How are those predictions working out? Much the same way most such technology predictions work out. They don’t. We’ve heard them all; Apple, Microsoft, Google, Samsung, are about to die. If it’s not Apple, it’s the PC industry. Or, Windows. Even tablets and smartwatches are not immune to the Chicken Little cries that the sky is falling on high profile technology companies.
One Microsoft executive claimed the smartphone is already dead but we just don’t know it yet. But since I read his remarks predicting the present, I guess I do know it but maybe don’t really believe it.
Apple co-founder Steve Jobs declared the post-PC era was upon us with the iPad. He was close. ‘Post-PC’ era implies the PC era is dead but that didn’t happen, either. Since the post-PC era began the Mac has been on a string of ever greater record sales. Go figure, right?
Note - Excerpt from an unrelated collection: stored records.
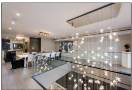
357 West 17th Street
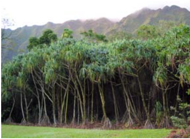
In many areas, pandanus forms dense stands, such as here in Kaneohe, Hawai'i.

ing along the coast. Leaves are yellowing and trees are now in very poor health.
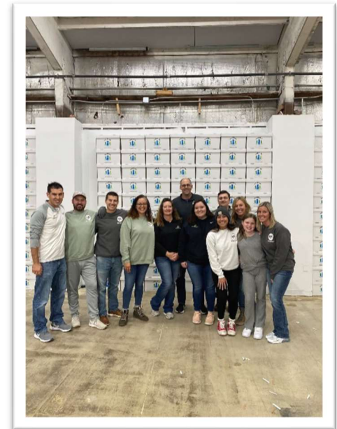
Volunteers after a successful pack night

If you or groups you're involved with are interested in helping pack boxes, please visit our website: www.TinervinFamilyFoundation.com or visit our Facebook page: https://www.facebook.com/Tinervin-Family-Foundation-106257791039704/
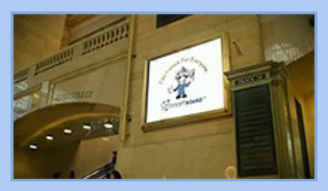
New Commercial Schmartboard is Everywhere
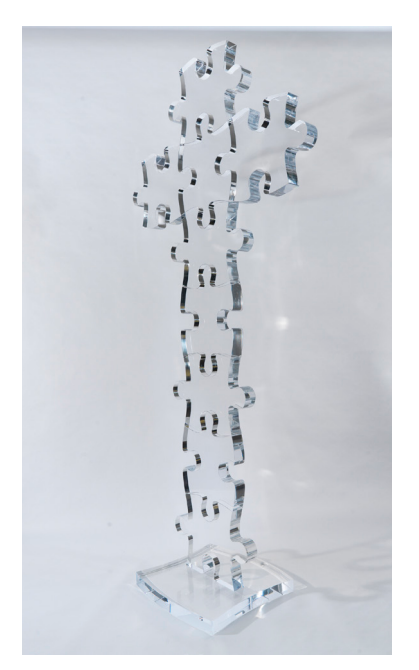
Seiya T, 2022 Puzzle pieces made from recycled plexi 240 x 50 x 6 cm

Above the illuminated cards, a prophecy which will later be found on paper or sent by email is projected on the walls of the church. "A link between sacred and profane", was Rebeiz's idea. "The works will remain in place during services in this very religious atmosphere." An actual tarot deck on paper might stem from Rebeiz's delicate paintings on polished aluminium.
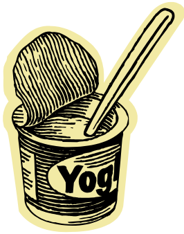
1. yoghurt Turkish
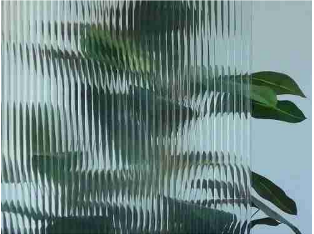
ribbed glass effect
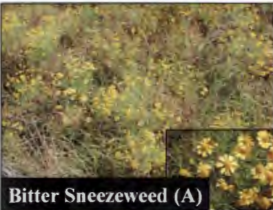
Bitter Sneezeweed (A)
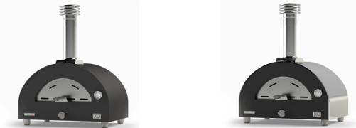
Black Powder Coat Stainless Steel
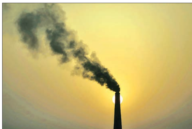
The World Bank's chief executive says a carbon tax on emissions is necessary to fight global warming.

According to the Institute for Climate Economics, 46 countries and 26 subnational governments have established a carbon

The truth of the matter is obvious. Everything is dying. Or, rather, this year’s model of whatever-tech is morphing into something slightly different than last year’s model. Change happens. Is the MacBook Air dead? Almost. Apple still sells a metric butt-load of the last Air model at $999 or less and Retina displays are not the future, they’re the present, but you get the idea.
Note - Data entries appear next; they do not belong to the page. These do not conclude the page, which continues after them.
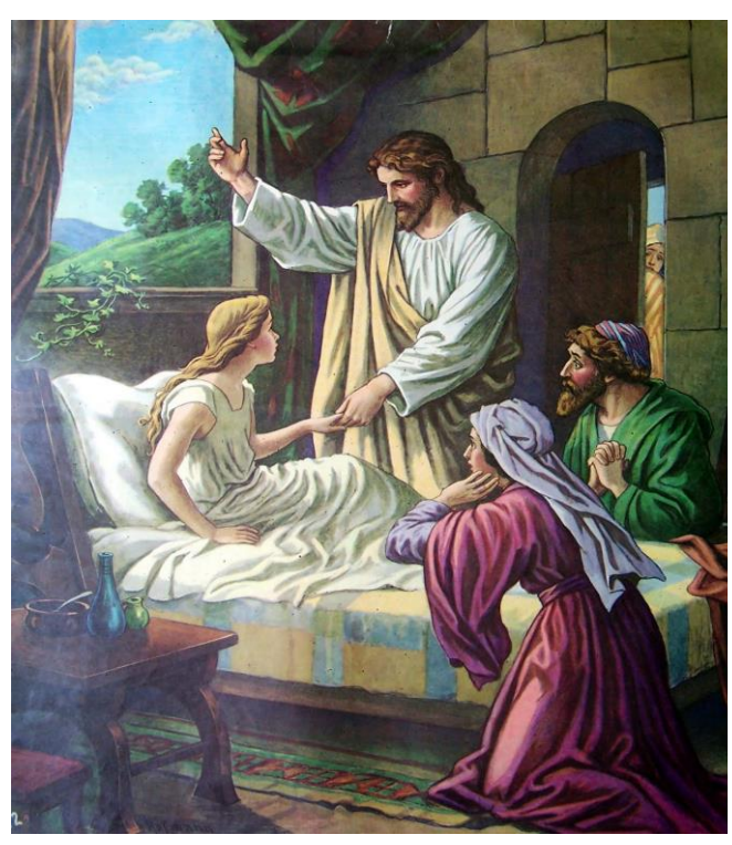
"He cured many who were suffering from diseases of one kind or another" Mark 1: 29-39
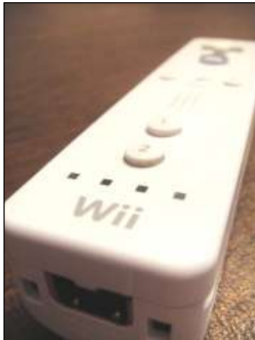
The controller that started it all.

Every company tries to save public face at one time or another, but Playstation isn't even trying to disguise it. They have completely ripped off the Wii's controller design.
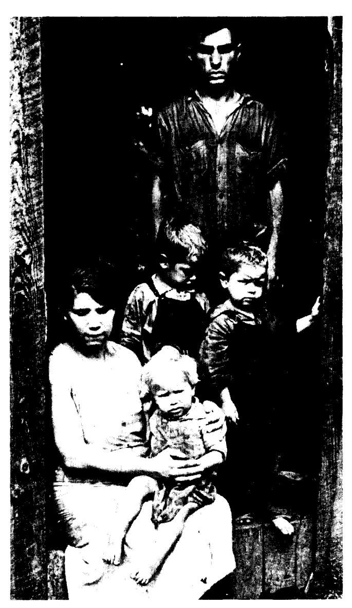
Unemployment affected many families during the Great Depression of the 1930's

Even as the Social Security legislation moved through the Congress in the late winter and spring of 1935, it was acknowledged by many supporters that the old-age program then under consideration was but a first step in providing comprehensive protection for American workers
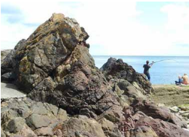
Rocky outcrop at Babbacombe harbour

See where rocks were taken away by day and drugs were brought in by dead of night. Learn of genteel Victorians with their bathing machines and the modern adventure sport of coasteering.

Here’s an interesting thought. That iPhone 6 Plus you bought a few years ago? It’s not dead. Actually, it’s a better device now than it was when it first came on the market. iPhone 6 arrived with iOS 8, which was then improved a year later when iPhone 6s came out with iOS 9, and both were improved yet another year later when iOS 10 hit the streets.
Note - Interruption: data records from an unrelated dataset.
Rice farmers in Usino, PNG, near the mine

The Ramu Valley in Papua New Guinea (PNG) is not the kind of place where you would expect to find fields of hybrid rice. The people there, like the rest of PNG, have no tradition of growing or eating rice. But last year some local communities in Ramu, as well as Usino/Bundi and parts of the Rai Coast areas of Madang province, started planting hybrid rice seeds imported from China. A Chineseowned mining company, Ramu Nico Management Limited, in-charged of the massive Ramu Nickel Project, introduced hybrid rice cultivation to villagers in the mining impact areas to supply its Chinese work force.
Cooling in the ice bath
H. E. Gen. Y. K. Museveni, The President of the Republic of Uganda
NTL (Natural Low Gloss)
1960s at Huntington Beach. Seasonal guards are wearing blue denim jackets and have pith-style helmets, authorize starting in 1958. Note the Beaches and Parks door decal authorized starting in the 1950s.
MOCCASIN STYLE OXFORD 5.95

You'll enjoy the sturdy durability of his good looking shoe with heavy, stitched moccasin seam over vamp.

That doesn’t sound so much like death as it does an ongoing life extension. Sure, sooner or later older iPhones will die but even parts get recycled to be born again, but that happens to new iPhones, too, more quickly if you drop it into a gutter filled with water when stepping off a Chicago curb during a rainstorm. The City of Chicago wouldn’t reimburse me, but AppleCare did. For a modest fee.
The point here is obvious. Wherever you read or hear someone who says iPhone is dead, or Apple is dying, or the Mac is dead, or Windows is dead, or tablets are dying, take the message with a grain of salt and a corresponding and prescribed amount of doubt because, so far, none of those predictions have come true and looking over the horizon a bit– and recognizing that Apple, Microsoft, Google, Samsung et al have a vested interest in keeping product life cycles alive and churning out revenue and profits– the end is not really in sight, actual visual sight, as much as it might be within someone else’s imagination.
Oh, by the way. Apple stills sells iPods, so even that’s not dead. Yet.